Medical Officer of Health for Manchester
- In office 1894–1922

Personal details
- Born: 12 August 1851 Peterhead, Scotland
- Died: 30 September 1925 (aged 74) Douglas, Isle of Man
- Spouse: Margaret Adams ​ ​(m. 1894; died 1912)​
- Children: 3
- Alma mater: University of Aberdeen Queens' College, Cambridge
- Profession: Physician

= James Niven =

British doctor (1851–1925)

James Niven (12 August 1851 – 30 September 1925) was a Scottish physician, perhaps best known for his work during the Spanish Flu outbreak in 1918 as Manchester's Medical Officer of Health. He held that position for 28 years (1894–1922), until he retired. He had previously been Oldham's Medical Officer of Health. He lectured in Public Health in Manchester. He died by suicide in 1925.

==Background==
A son of Charles Niven, James was born in Peterhead on 12 August 1851. He graduated with a Scottish MA from the University of Aberdeen and from 1870 studied at Queens' College, Cambridge, gaining his BA in 1874 as 8th Wrangler in the Mathematical Tripos and becoming a fellow at Queens'. His intention was to study engineering but he switched to the study of medicine after gaining his Cambridge MA in 1877.

Niven trained in medicine at St Thomas' Hospital in London. He qualified in 1880, as MB, and worked first for the Metropolitan Asylums Board, being appointed an Assistant Medical Officer at the Deptford fever and smallpox hospital. It was not long before he left that post to take up a private practice in Manchester.

==Medical Officer of Health for Oldham==

In 1886, Niven left private practice after four years and was appointed as Medical Officer of Health for Oldham, a post that he held until 1894. He was simultaneously appointed as Medical Superintendent at Westhulme Hospital. During that time, he campaigned to have tuberculosis classed as a notifiable disease by the town's council, obtaining the support of local medical practitioners but failing in his pioneering aim. Doctors and physicians in Oldham raised enough money to send Niven to Berlin to study with Robert Koch, who had discovered the TB bacillus in 1882, thereby proving that the disease was not caused by "bad air" as was generally believed in accordance with the prevalent miasma theory. He also used Koch's treatment at the Oldham General Infirmary on his return, as well as dealing with smallpox, typhus, measles, scarlet fever and whooping cough. An Oldham Chronicle obituary of 1925 said: "Dr Niven also showed an interest in child welfare well in advance of his time."

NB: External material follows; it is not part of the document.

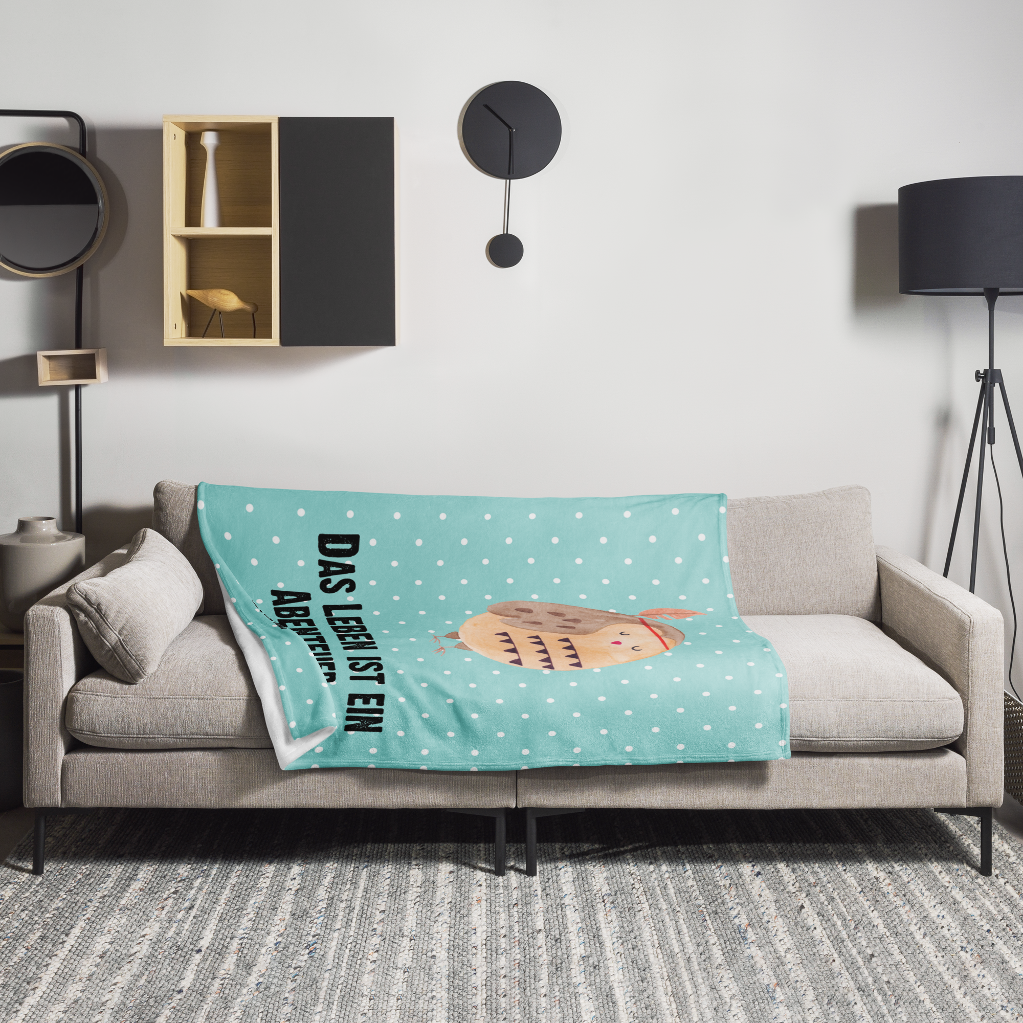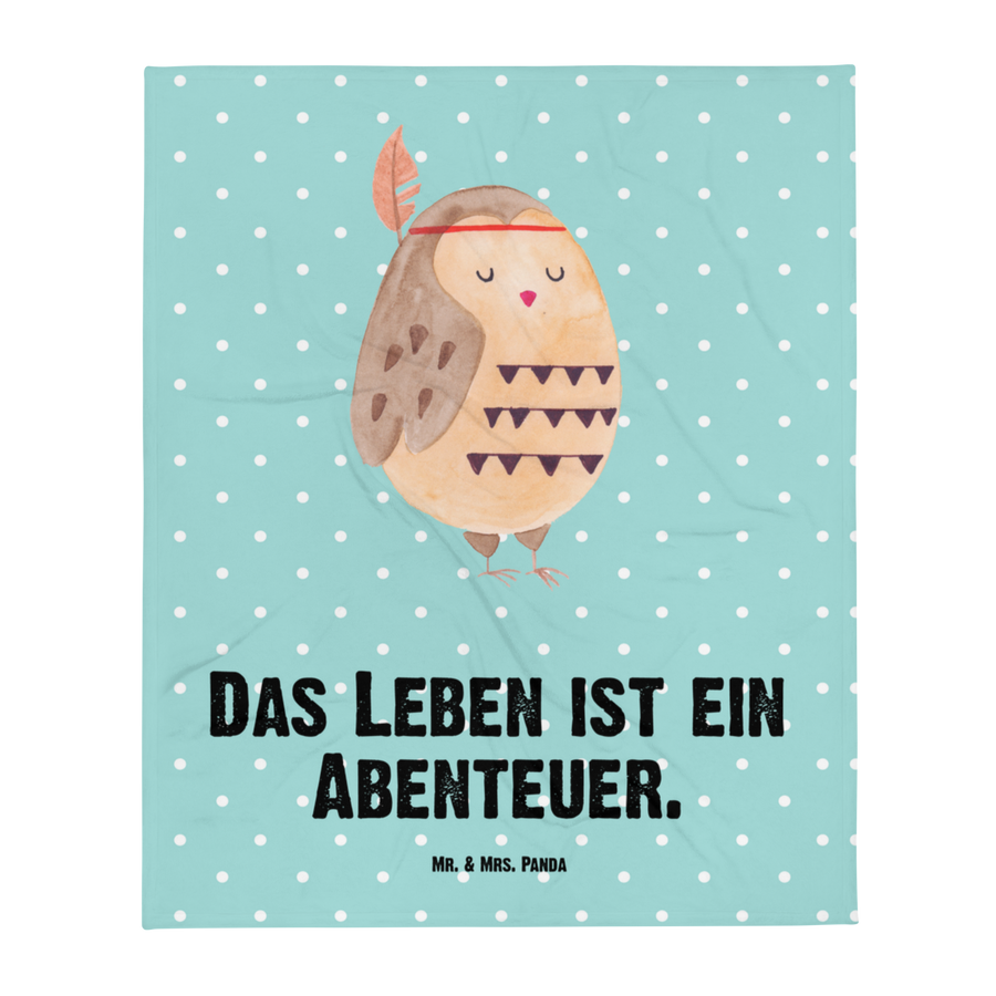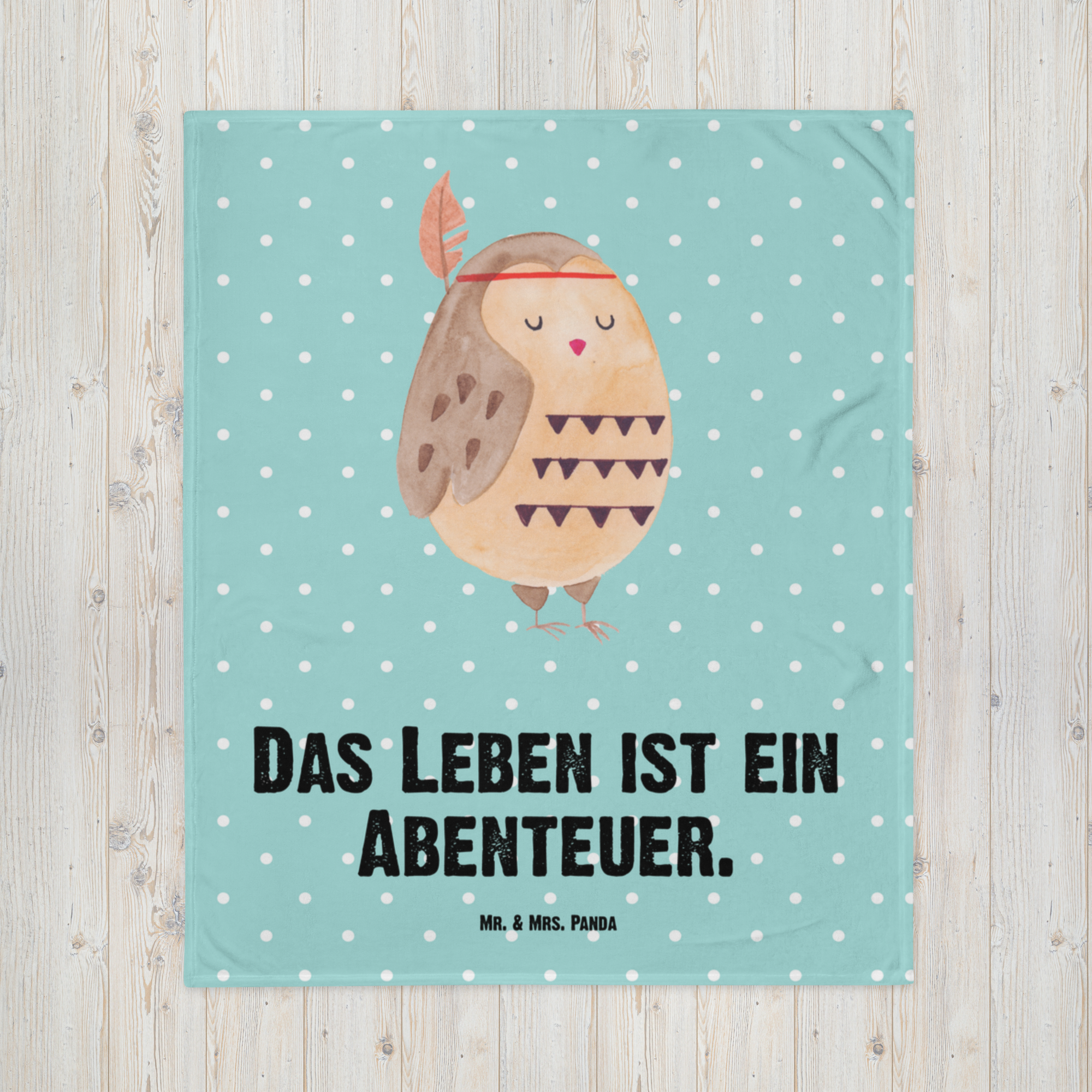 Kuscheldecke Eule Federschmuck Decke, Wohndecke, Tagesdecke, Wolldecke, Sofadecke, Eule, Eule Deko, Owl, Das Leben ist ein Abenteuer, Reisespruch, Federschmuck, Dekoration

According to medical historian William Povey, whilst at Oldham Niven was "instrumental in improving the standard of housing, of sewage and refuse disposal, of the milk and water supply, in reducing smoke pollution, and containing the spread of infectious diseases." He wrote several papers on the latter subject and was awarded a BCh degree in 1889.

==Medical Officer of Health for Manchester==
Niven moved to his new post as Medical Officer of Health for Manchester in 1894 and remained in that role until his retirement in 1922. He succeeded John Tatham in the role after being preferred over 32 other applicants and became the longest-serving holder of the post, which was abolished in 1974.

Niven dealt with many of the same public health problems in Manchester as he had while in Oldham. During his 28-year term of office, the city's population grew from 517,000 to 770,000 but the death rate per 1,000 population fell from 24.26 to 13.82 in 1921, largely as a consequence of his work. Among the notable strategies that he pursued was the conversion of 85,000 houses to water closets from pail closets and a more intensive slum clearance programme than had existed previously, which resulted in the demolition of 23,000 unsuitable houses.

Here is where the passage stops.